Ruth 1:2. And the name of the man (was) Elimelech. A descendant of Nahshon mentioned in connection with the erection of the tabernacle (Numbers 1:7). According to Jewish doctors, a noble and potent person. All names ending with “melech” (king) borne by distinguished persons (Lunge). Means to whom God is king (Keil). My God is King (Lange). My God is my King (Cox). God is King (Wordsworth). Josephus calls him Abimelech. Naomi, more correctly Noomi [LXX. Νωεμιν; Vulg., Noemi; Old Eng. trans. Noemi]. According to Talmudists, niece of Naason, prince of the tribe of Judah, and daughter of his brother Salmon (?). Means my pleasure or delight (Wright); pleasant, gracious (Gesen.); the lovely gracious one (Lange); happiness (Josephus). Mahlon, more correctly Machlon, the husband of Ruth. Means sickness (Wright), sick (Gesen.); the weakly (Keil); consumption (M. Henry). Not so (Lange); rather derived from מָהיל (machel) “circle dance,” Greek choros, and so may mean joy. Chilion, more correctly Kilion. (Sept., Χελαίων; Josephus, Χελλιων); means pining (Keil), destruction (Wright). Not so; should be referred to כּלַל, to crown, and so means ornament (Lange). Ephrathites of Bethlehem-Judah. Some of the older Jewish teachers not inappropriately render “Ephratim” by ευγενεστατοι [high-born] (Lange). Shews these were natives of the city or district around Bethlehem, not mere residents (comp. 1 Samuel 17:12; Judges 17:7). The place honourably distinguished, and Jesus Himself called an Ephrathite of Judah in Micah 5:2. Euphrates. Ephraim (Genesis 41:52). words having a similar derivation and meaning. (See also notes on Ruth 1:1.) The Ephraimites called Ephrathites (Judges 12:5; 1 Samuel 1:1; 1 Kings 11:26) (Wright). And they came into the country [field] of Moab, and continued there [literally, were there; Old Eng., abode there]. The Targum adds, and were there as princes. The route supposed to be down the Wady Sadier to Engedi, and then round the S.E. shores of the Dead Sea, as with modern travellers. Moab not so large as Huntingdonshire, and not so far from Bethlehem as is Huntingdon from London (Cox).
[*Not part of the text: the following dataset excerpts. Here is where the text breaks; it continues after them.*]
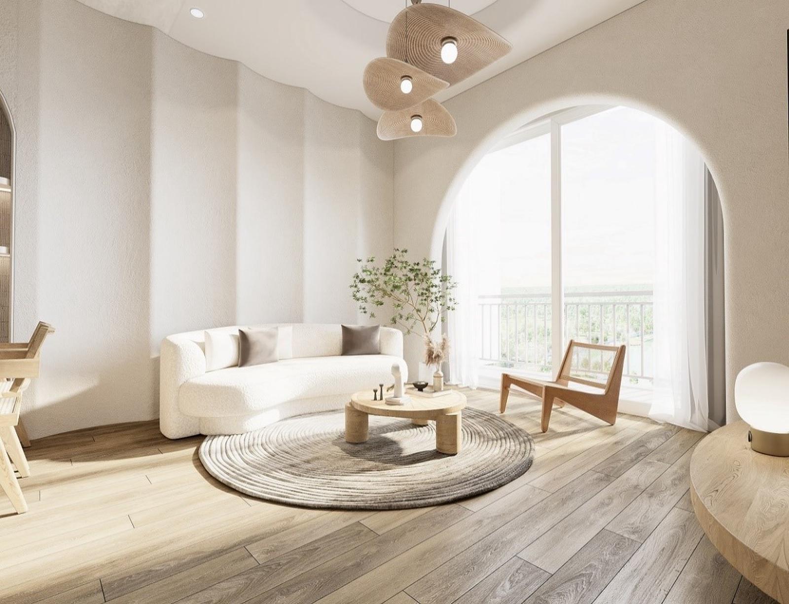 Khu vực phòng khách nối liền ra ban công, gia chủ có thể cách điệu ô kính vuông bằng khung vòm và lựa chọn những set đồ phòng khách mềm mại, trang nhã, đậm chất Á Đông, mang đến một không gian vô cùng nhẹ nhàng, thư thái.
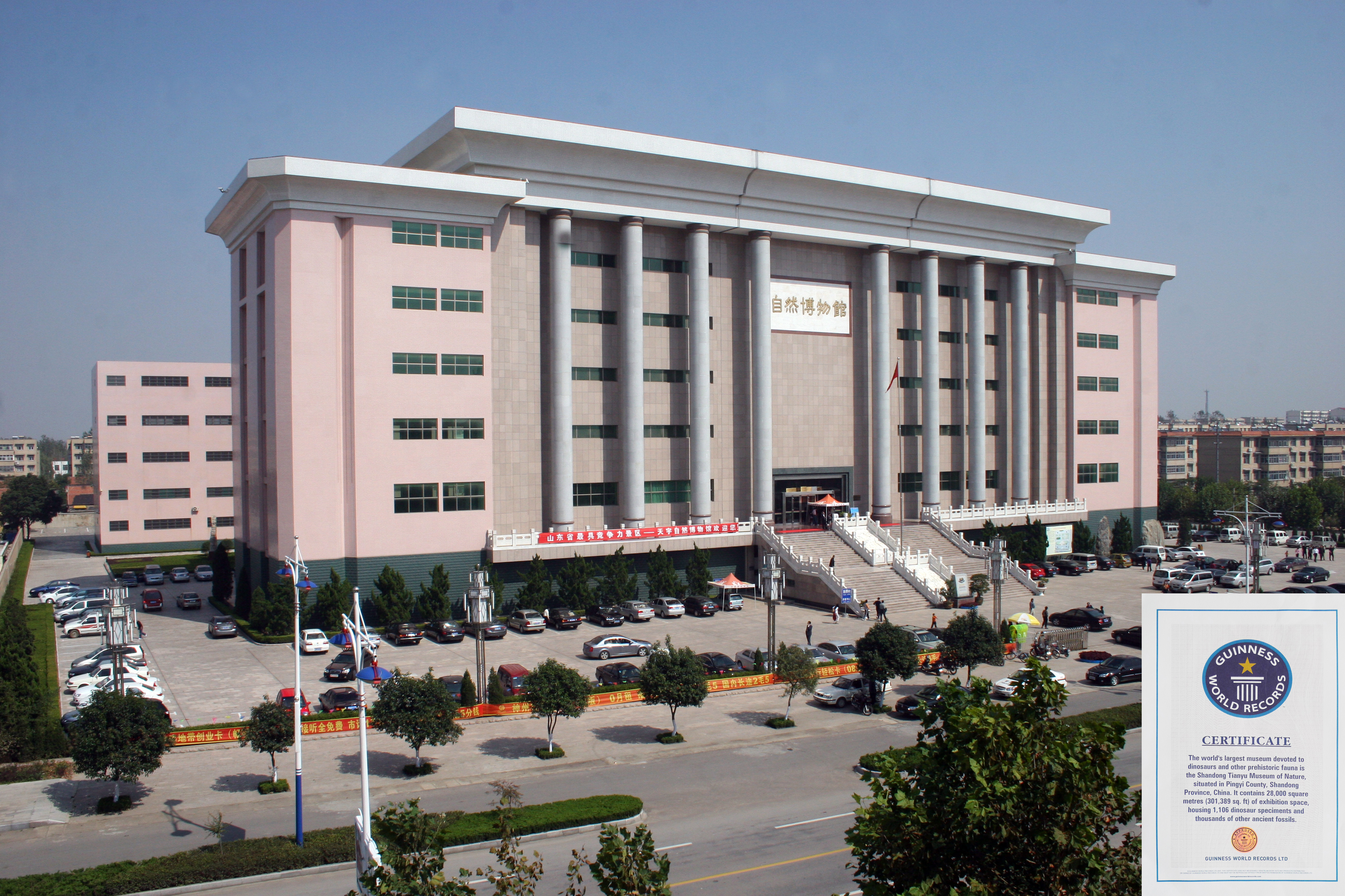 值得一提的是,载入吉尼斯世界纪录的“蒙山寿星”高218米、宽198米,是世界最大的山体雕刻;天宇自然博物馆藏品39万件,是世界最大的恐龙博物馆。
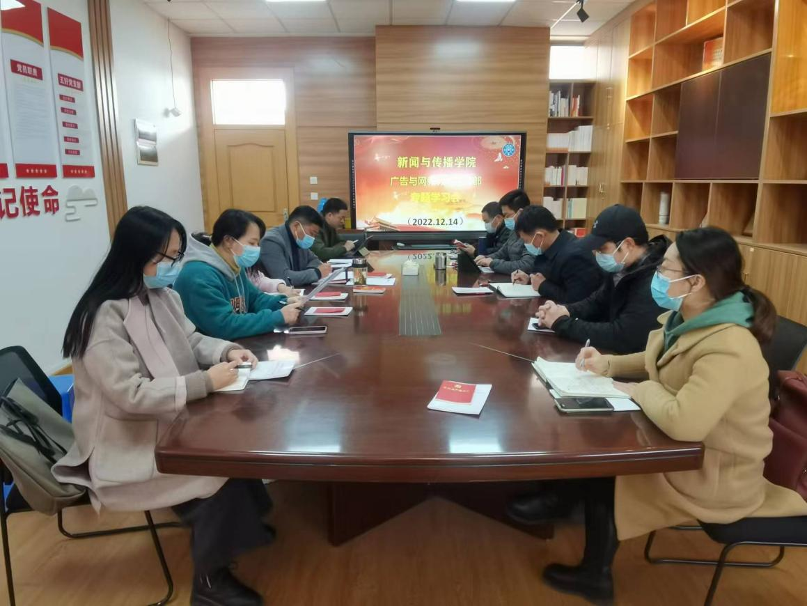 12月14日下午,广告与网新党支部在学院507室召开支部会议,结合学校“两个振兴计划”,联系教学科研、社会服务工作实际,认真开展党的二十大报告专题学习。新闻传播学院党委书记张师帅、副院长秦枫、支部党员参加了会议,会议由支部书记罗铭主持。

Theme—MAN PROPOSING, GOD DISPOSING

And the name of the man (was) Elimelech, … Ephrathites of,” etc.

Names give an air of truth to the narrative (Lawson). Express in a very touching manner parental hopes and faith. Of especial significance among the early Hebrews. A really good name of unspeakable service to all who are capable of feeling its aspiration (Dr. J. Hamilton). But sometimes given in vain. When contrasting with the character, a continual humiliation.

Suggests,

I. That however others may propose, the final issues of life are with God and with the man himself.

These names remarkably significant and suggestive. But in what way? Elimelech means “my God is King,” and yet some take his life as illustrating the feelings and conduct of the spiritually dead; others, of the backslider driven by momentary trials from God’s ordinances down to Moab. Note (a) the irony of a good name when men fall short of its promises. At the present day, men baptized Martin Luther by their Protestant parents are found ministering at the altar of Rome (Braden. See extracts). Naomi means pleasure, delight, happiness, and yet she comes at best to be an illustration of sanctified affliction. Possibly the names of the whole family pitched in this exultant key (see notes), and yet their experience is in sad contrast.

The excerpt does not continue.